Но развернувшись, бегом ломанулся в свой дом.  Не бегал бывший участковый с молодости, хотя и к своим годам сохранил здоровье, несмотря на то, что пил и курил, хотя и лишним весом не страдал. Вот только с непривычки бежать было тяжело. Запыхался. Но добежал. Тихонько открыл калитку. Свет в доме уже не горел. Не отошедшая после прошлого скандала  жена легла спать – явный признак неудовольствия. Обычно она дожидалась мужа с работы.


Впрочем, в дом Бляшкин заходить не стал, отправился в небольшую хибарку, тыкаясь лбом в ветви яблонь. В ней он обычно и ночевал, когда напивался или лаялся с женой. Забежал. Схватил в охапку постель, только вчера смененную, и бегом обратно.


Гостья как будто его ждала: сидела на крыльце и курила – он еще издали заметил огонек сигареты.


– Вот – предстал он перед ней, тяжело дыша и хрипя.


– Ой, да я бы и так как-нибудь устроилась, не надо было, – произнесла она, вставая и пропуская Бляшкина, втиснувшегося с матрацом, подушкой и одеялом в дом, и не преминувшим врезаться плечом в дверной  косяк. Кажется даже, о какой-то гвоздь рубашку порвал, но это председателя волновало меньше всего.


От свежего белья и запах в доме стало свежее.


– Ну, спокойной ночи, если что, зовите, – произнес бывший участковый,  не особо задумавшись над тем, как, собственно, гостья будет его звать. Номер мобильника он ей не оставил и где живет – тоже не сказал.

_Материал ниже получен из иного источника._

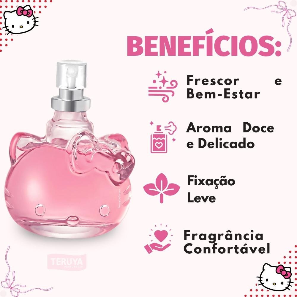 Fragrância exclusiva inspirada na adorada personagem Hello Kitty, um ícone mundialmente reconhecido por sua fofura e encanto.
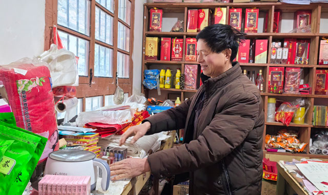 1月31日,在商洛市山阳县中村镇梅岔村,今年56岁的夏军正忙着整理货架上的物品,不时有村民来小卖部购买商品。

Попрощавшись, он отправился домой, выкуривая по дороге папиросу за папиросой и потом столько же – когда сидел на ступенях хибарки. В ту ночь Бляшкину не спалось, ему даже в голову не пришло, что он и имя-то нежданно-негаданно свалившейся к ним в село женщины не спросил. Только подумал, уже под утро, в полудреме, что вряд ли ей больше тридцати пяти-сорока. С тем и заснул.

Глава 3

Бляшкин проснулся непривычно для него рано. И, несмотря на долгие ворочанья, резво выскочил из-под пропахшего овчиной старого тулупа – постель-то гостье отнес, а на голых досках особо не разлежишься – чай, бывший участковый йогом совсем не был. Он тотчас почувствовал кожей августовскую предутреннюю свежеть, уже дышащую осенью. Голова была тяжелой, словно с похмелья. Оно и понятно: полночи не спал, а вторую снилось невесть что.


  Бывший участковый  отворил дверь хибарки, выходившую аккурат на восток, а там уже край неба заметно порозовел и потихоньку рассеивал серые сумерки, окутавшие сад.

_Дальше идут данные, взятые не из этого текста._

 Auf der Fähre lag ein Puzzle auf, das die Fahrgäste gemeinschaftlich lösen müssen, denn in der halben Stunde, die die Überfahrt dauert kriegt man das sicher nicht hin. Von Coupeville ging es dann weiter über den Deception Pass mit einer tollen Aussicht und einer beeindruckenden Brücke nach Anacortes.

Наскоро умывшись во дворе  и погладив кота, озадаченного ранним подъемом хозяина, Бляшкин, выхлебав два корца родниковой воды, отправился в правление, по дороге срывая репьи с рубашки и прогоняя навязчивые мысли о неизбежном разговоре с женой. Наверняка ведь пилить будет, прознает – как пить дать прознает, – что не пьяный был, а в доме не ночевал. И про гостью прознает. Про нее вообще вся деревня прознает.


«Ну и хрен с ними» – произнес вслух Бляшкин, на ходу закуривая папиросу. Перед ним стояла задача посложнее: трудоустроить незнакомку – что греха таить, ему весьма понравившуюся. Только вот куда ее определить-то? Колхоз, как уже было сказано, развалился. Сельхозтехника – тоже. Аптеку прошлой весной закрыли. В сельпо Клавкина сестра работала, также, конечно, забулдонистая и горластая. Но как ее уволишь? Начнет писать в район, а там и так на Бляшкина зуб имели, за его чудачества-то. Словом, Клавкину сестру хрен вытуришь.

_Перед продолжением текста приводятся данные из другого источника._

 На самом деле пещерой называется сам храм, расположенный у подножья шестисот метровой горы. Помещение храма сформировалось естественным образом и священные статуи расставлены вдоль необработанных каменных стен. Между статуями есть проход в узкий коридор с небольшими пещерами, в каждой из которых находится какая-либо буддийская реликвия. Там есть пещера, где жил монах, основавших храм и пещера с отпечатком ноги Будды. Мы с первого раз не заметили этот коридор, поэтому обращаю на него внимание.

И тут председателя осенило, он аж остановился и заулыбался. Во весь рот: «А назначу-ка я ее в правление своим заместителем и бухгалтером. Тем более, что бухгалтер по штату в правлении положен».


 Одно время Колька, аккурат после окончания школы, у него работал, да мамаша его, Царствие Небесное, чегой-то вдруг взяла и в доме его заперла, хотя с работой бухгалтерской Колька справлялся вполне. А как мамаша его померла, так Бляшкин на работу Кольку снова позвал. Но тот наотрез отказался. С чудинкой стал. И бирюком заделался. Его и дом-то односельчане стороной обходить стали. И председатель на Кольку рукой махнул. Сам над дебетом с кре;дитом колдовал. Иногда жена помогала. Ну, это когда они не в ссоре были, что случалось в последнее время нечасто. Так что все больше приходилось Бляшкину самому над цифрами корпеть.


В общем, довольный, председатель, ни свет ни заря, прибыл в правление, под крики петухов и удивленный взгляд тети Нины, выгонявшей свою пегую корову на луг – означенная, прихрамывающая из-за отложения солей в левом колене, тетя жила подле правления и являлась для председателевой жены неоценимым источником информации по его состоянию.


Пришел, отпер дверь и сразу к холодильнику, в коем его словно ждала початая бутылка шведского «Абсолюта». Кем-то подаренная. Сам-то председатель такую не покупал, предпочитая либо самогон, либо что-то проверенное и отечественного производства. Но тут, вопреки обычаю не поддавать с утра, разве только для опохмела, принял пятьдесят грамм, недовырванным из рубашки репьем занюхав и даже, частично, им закусив. Глубоко вздохнул, почувствовал себя взбодренным и подошел к окну, которое и распахнул – навстречу утру, встречавшему, как известно, прохладой.


Потом, потерев ладони и с вожделением глянув на холодильник, но произнеся вслух: «Ладно, успеется», уселся на стул, пододвинув его поближе столу, стопка с листами и ручкой лежала тут же. Довольный, председатель приготовился писать… И тут его осенило: ни имени, ни фамилии своего нового бухгалтера он и знать не знает. Но Бляшкина это даже обрадовало: повод появился наведаться лично и познакомиться. Осталось только дождаться хотя бы восьми часов. Хотя нет – лучше семи.


Участковый вышел на крыльцо  и достал папиросу.

Глава 4

Бляшкин не дотерпел ни до 8, ни даже до 7, а, как говорят на селе: побёг на самую окраину, к бывшему Митькиному дому. Благо, повод был. Прибёг, глянул на часы. Шесть. Ничего. Подождет.


– Доброе утро, чтой-то вы в такую рань?


Она стояла на пороге. Все в тех же темных очках: солнце-то уже вроде час как взошло и день обещал быть погожим, хотя роса еще напоминала о предутренней зяби.


На ней – обтягивающие, столь непривычные глазу Бляшкина, джинсы, кеды и какой-то серый свитер, до самых колен. Причесана? Ну, разве что руками, впопыхах, впрочем – растрепанность только придавала ей шарма.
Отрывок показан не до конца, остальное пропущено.